Non-alcoholic fatty liver disease is the most common liver disease in the Western world. In the United States 20-30% of the population suffers from the disease, which is considered to be caused by obesity and the metabolic syndrome. The condition comprises a spectrum of pathological changes, is progressive, and can develop into cirrhosis as well as liver cancer, which in turn ultimately leads to death if not a liver transplantation is conducted.
Researchers at the department of Chemical and Biological Engineering, in collaboration with researchers at SciLifeLab in Stockholm/Uppsala, have now created a computer model of liver cells that can be used to reveal changes in the liver cell metabolism when different diseases develop. In the current study, the model was used to analyze clinical data from patients with non-alcoholic fatty liver disease. The result of the study is new knowledge about the underlying cause of the disease. This gives new opportunities, both in terms of developing new treatments as well as methods for early diagnosis of the disease.

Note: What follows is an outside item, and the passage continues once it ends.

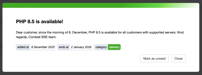 Notification center is used to inform customers about new features in Sock, planned maintenances and more.
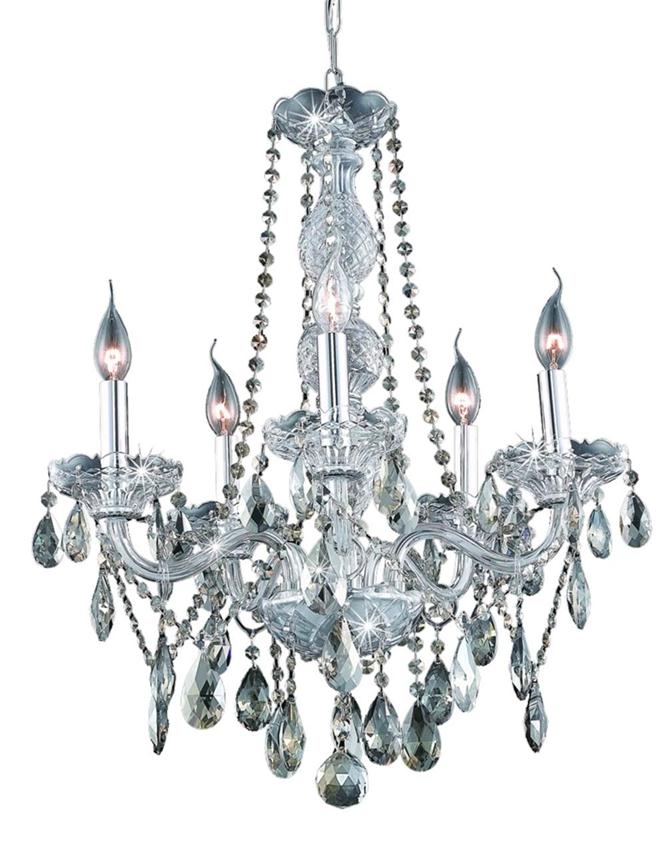 This Verona 5-LT Chrome Chandelier Golden Teak (Smoky) Royal Cut Crystal from Elegant has a finish of Chrome and fits in well with any Transitional style decor. Room Use: Dining Room; Living Room; Bedroom; Bathroom; Entry Way; Closet

– It was extremely exciting to use this fantastic model resource for data analysis and I am confident that this will enable more detailed analysis of liver metabolism in the future, says Dr. Adil Mardinoglu, who is first author on the paper.
– For me it was also very exciting to see the concept of metabolic modelling being applied for analysis of human disease development, says Dr. Rasmus Ågren, shared first author of the paper and who worked on this as part of his PhD study, where he developed several pioneering methods for reconstruction and analysis of detailed metabolic models.
Early diagnosis is important to prevent the disease from progressing to more serious conditions such as cirrhosis and liver cancer. However, there are no good methods for early diagnosis today. Most patients with non-alcoholic fatty liver disease have no symptoms or clinical findings typical for liver disease. At later stages of the disease, liver biopsy remains the gold standard for diagnosis, but there are severe risks associated and it is therefore avoided as far as possible. The need for new diagnosis methods is therefore great. In the current study, two novel biomarkers were identified that could potentially be used for early diagnosis through a simple blood sample.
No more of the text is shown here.